Anonymizing Sensitive Data

Basic Anonymization

dbslice extract \
  postgres://prod:5432/app \
  --seed "users.id=1" \
  --anonymize \
  --out-file user_safe.sql

What gets anonymized (pattern-matched, case-insensitive):

Category Column patterns Faker method
Email email, contact_email faker.email()
Phone phone, mobile, fax faker.phone_number()
Names name, first_name, last_name faker.name() / variants
Address address, street, city, zip faker.address() / variants
Identity ssn, credit_card, passport, driver_license Matching Faker methods
Financial iban, bank_account, routing_number Matching Faker methods
Network ip_address, mac_address faker.ipv4() / faker.mac_address()
Personal dob, date_of_birth, username Matching Faker methods
Professional company, job_title faker.company() / faker.job()
Web url, domain faker.url() / faker.domain_name()
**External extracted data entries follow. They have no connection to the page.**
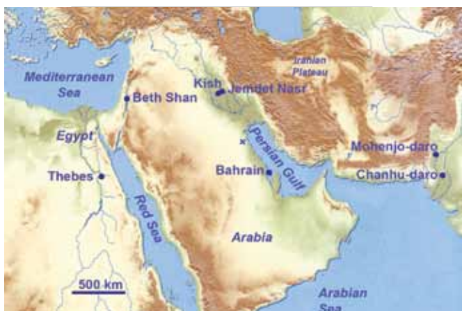
Sites mentioned in the text.

story of a well-trained scholar with a mid-career setback, who became a respected and productive archaeologist.
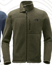
NEW TAUPE GREEN HEATHER
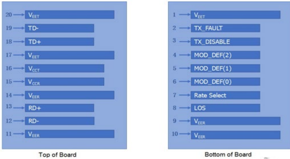
Pin-out of connector Block on Host board
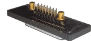
Straight PC pin

Power Contact Ratings 10, 20, 30 & 40 Amp
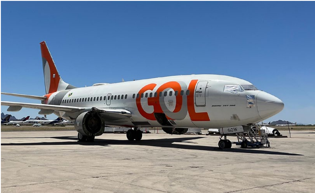
Photo: Aventure's recently retired GOL Airlines 737NG in Marana, Arizona, U.S.A.
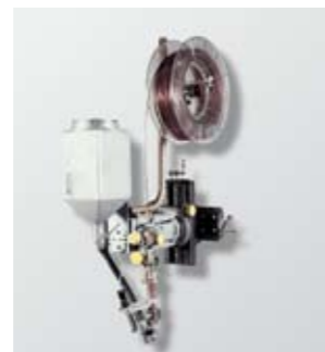
A6S Arc Master basic version with manual slide, a complete welding head with easy-to-use 4-axis positioning on the joint.

The beam travelling carriage can be used together with the complete A6S Arc Master. The carriage is developed to be used on a standard I-profile IPE 300. When a straight and smooth welding motion is required, the machine track produced by ESAB can be used. The travelling speed will be controlled by the control box PEK. The carriage can even be moved by hand. See separate leaflet XA00091920.
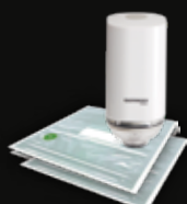
VAS-300 USB充電真空保鮮機 USB Handheld Vacuum Sealer 保留咖啡豆天然味道 Preserve the natural aroma of coffee beans

產品規格及設計如有變更，恕不另行通知。最新版本以www.germanpool.com網上版為準。 Specifications are subject to change without prior notice. Refer to www.germanpool.com for the most up-to-date version. 中英文版本如有出入，一概以英文版為準。 If there is any inconsistency or ambiguity between the English version and the Chinese version, the English version shall prevail.
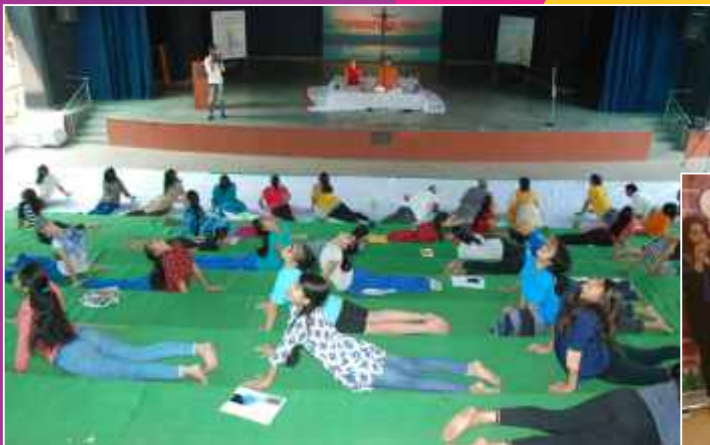
Yoga - Elixir of Life
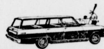
Chevy II 300 3-Seat Station Wagon. Lowest priced U.S. 3-seat station wagon.
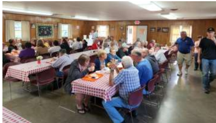
Salem Ice Cream Social filling up.

...choose today whom you will serve. But as for me and my family, we will serve the LORD (Joshua 24:15 NLT).
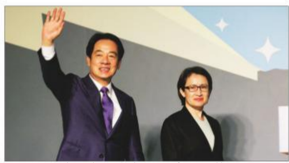
Taiwan president-elect Lai Ching-te, of DPP and his running mate Hsiao Bi-khim following the victory in the presidential elections, in Taipei on Saturday.
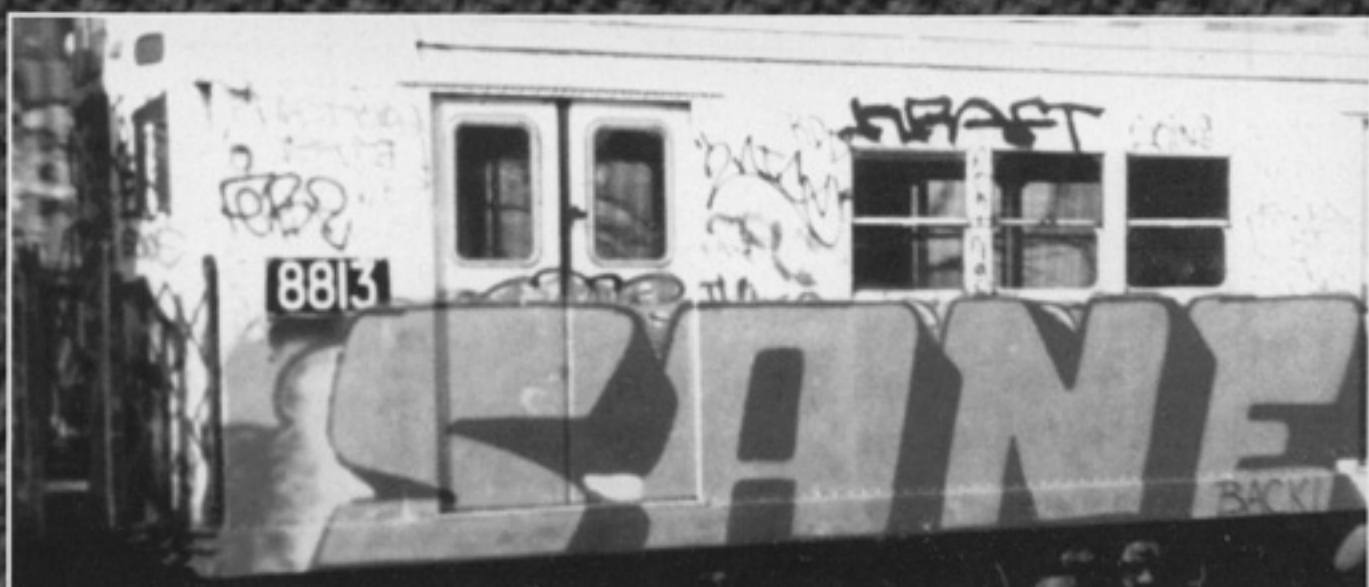
(R.I.P.) SANE / TFP (Subway)

What gets NULLed (security-sensitive, never faked):

  • Authentication: password, hash, salt
  • Tokens: token, secret, api_key, access_token, refresh_token, csrf_token
  • Cryptographic: private_key, encryption_key, nonce, signature, certificate

What stays original: Foreign keys, IDs, timestamps, enums, booleans, and non-sensitive data.

Example Transformation

Original:

INSERT INTO users (id, email, name, password_hash, country_id)
VALUES (1, 'alice@example.com', 'Alice Smith', '$2b$12$...', 1);

Anonymized:

INSERT INTO users (id, email, name, password_hash, country_id)
VALUES (1, 'john.doe@example.org', 'John Smith', NULL, 1);  -- FK preserved

Custom Field Redaction

For fields not caught by built-in patterns:

dbslice extract \
  postgres://prod:5432/app \
  --seed "users.id=1" \
  --anonymize \
  --redact "users.employee_id" \
  --redact "orders.internal_notes" \
  --out-file user_custom_redact.sql

You can also define custom patterns and redact lists in your config file. See Configuration for the anonymization section.
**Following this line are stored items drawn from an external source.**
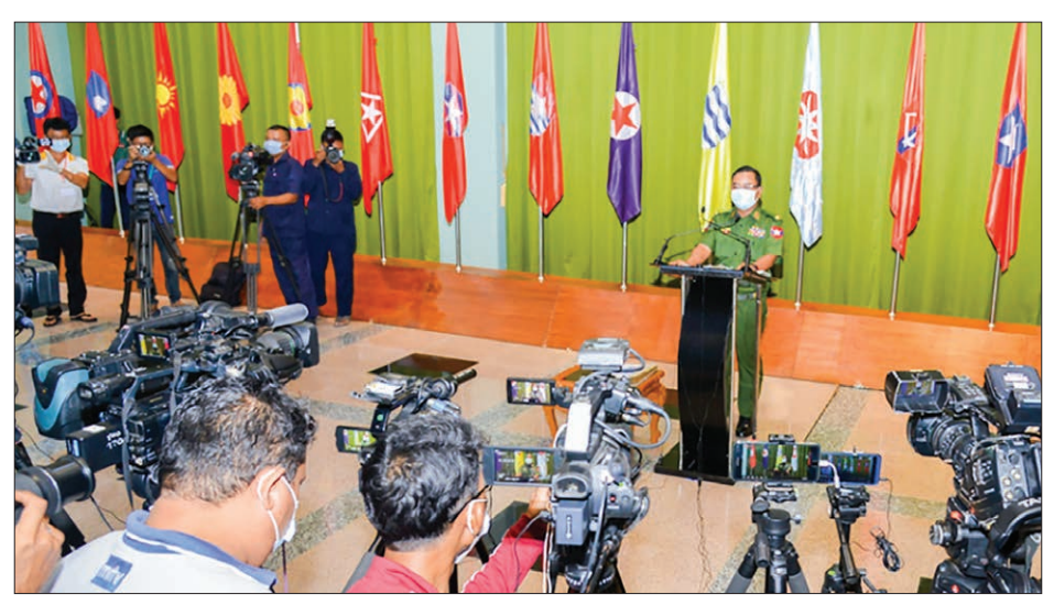
Tatmadaw True News Information Team holds a press conference on 4 August.

THE Tatmadaw True News Information Team held a press conference at the Defence Services Museum in Nay Pyi Taw yesterday.
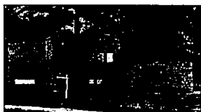
BIG WOODED LOT near Stony Creek Park. 4 bedroom home with 2½ baths, great room fireplace, formal dining room, library/study, 1st floor laundry at the convenience of a 3 car garage. Shelby Twp. $299,000. (651-3500) 097172
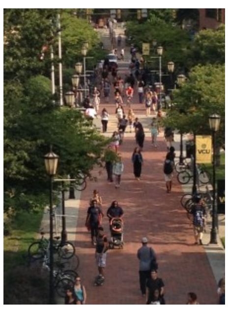
Pedestrian traffic flows on Linden St. near the Student Commons.
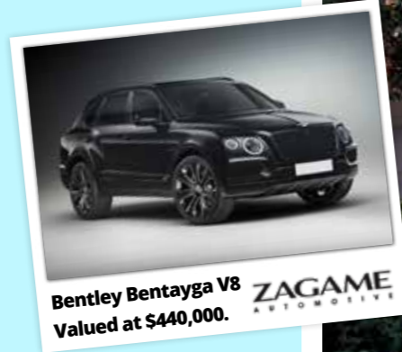
Bentley Bentayga V8 Valued at $440,000. ZAGAME AUTOMOTIVE

Win our Grand Prize and you'll be able to choose to make this two-bedroom multi-level home with two living areas, two bathrooms and floor to ceiling windows your own. For the first time in Australia, the UK's Kelly Hoppen has brought her 'opulent wealth' style to the building's shared access interiors including gymnasium, swimming pool and so much more. You really will be the envy of your friends and family with this knock-out address in the historic waterfront neighbourhood of The Rocks.
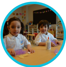
Early Learning Ages 3.8 to 6 years of age

It all comes together in the fifth... that's the Addison Advantage™
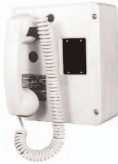
247-001 Indoor Phone
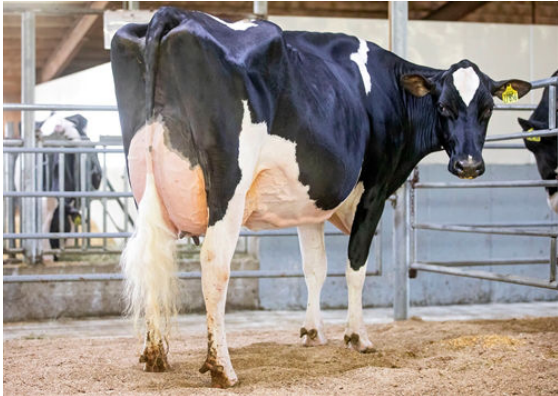
SIEMERS LMDA PARIS 27856 DAM
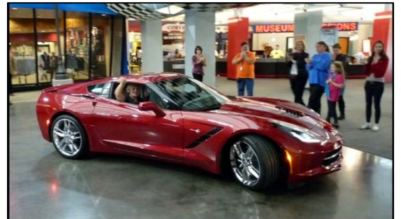
Dawn rides out of the NCM to the applause of visitors and NCM staff. What a great feeling!
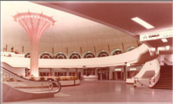
Terminal Building For Sharjah International Airport
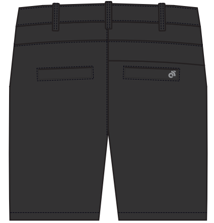
Sydney Short Pant [ MUS022 ]
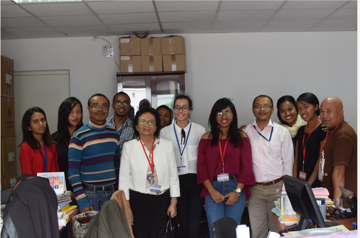
The president of the CNIDH visits the human rights monitoring unit established within OHCHR's offices in Andraharo during the legislative elections.

OHCHR is also pursuing the implementation of its “Human Rights and Elections Strategy” to help the Malagasy government preserve the democrating gain acquired since the 2013 presidential and legislative elections, and consolidated by the 2018 presidential elections. The primary aim of the strategy is to encourage participation of national actors in the prevention of electoral violence and human rights violations. In this respect, OHCHR conducted human rights monitoring during the recent legislative
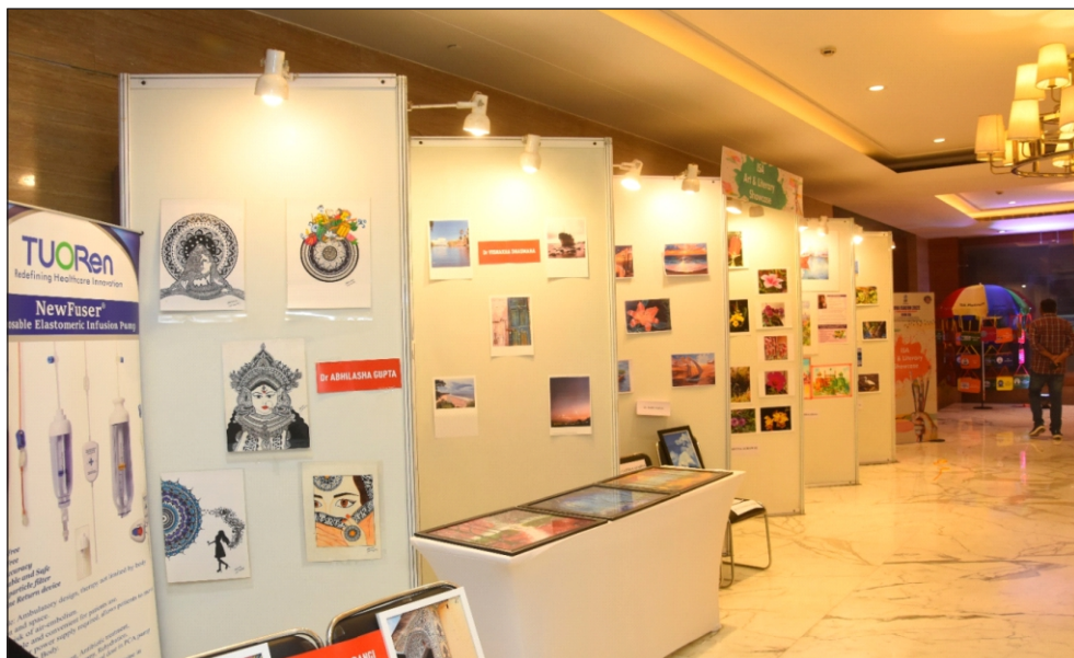
ISA ART & LITERARY CLUB SHOWCASE 2 nd National YUVA ISACON 2022, Haryana (14-15 October 2022)
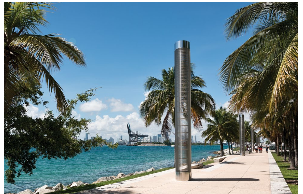
South Pointe Park
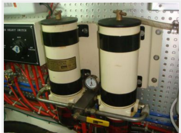
48' Novatec starboard Racor fuel filters
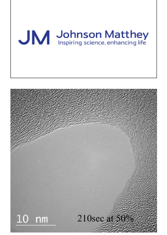
Final step of cleaning progression

The Bridge, a leading research hub at the University of Lincoln, collaborates with industry partners to advance materials science and engineering solutions. Recognising the need for precise and reliable sample preparation, The Bridge chose Henniker Plasma's HPT-100 TEM Plasma Cleaner to enhance their electron microscopy capabilities.

Deterministic Anonymization

Anonymization is deterministic: the same input value always produces the same fake output. This preserves data relationships across tables.

Original:
  users.email = 'alice@example.com'
  profiles.contact_email = 'alice@example.com'

Anonymized (both become the same fake email):
  users.email = 'john@example.org'
  profiles.contact_email = 'john@example.org'

Verify Integrity After Anonymization

dbslice extract \
  postgres://prod:5432/app \
  --seed "users.id=1" \
  --anonymize \
  --validate \
  --out-file user_safe_validated.sql

Validation confirms all FK references remain intact after anonymization.

Compliance Use Cases

GDPR Right to Erasure -- extract and anonymize before deletion:

dbslice extract \
  postgres://prod:5432/app \
  --seed "users.id=12345" \
  --anonymize \
  --out-file gdpr_erasure_backup.sql

HIPAA De-identification -- anonymize plus redact clinical fields:

dbslice extract \
  postgres://medical-db:5432/ehr \
  --seed "patients.mrn='12345'" \
  --anonymize \
  --redact "patients.social_security" \
  --redact "visits.notes" \
  --out-file patient_deidentified.sql

Streaming Large Datasets

When extracting large result sets (100K+ rows), use streaming mode to avoid out-of-memory errors.

Force Streaming

dbslice extract \
  postgres://localhost/db \
  --seed "users:created_at > '2020-01-01'" \
  --stream \
  --out-file large_extract.sql

How it works: Data is fetched in chunks (default 1000 rows) and written directly to the file, avoiding loading everything into memory.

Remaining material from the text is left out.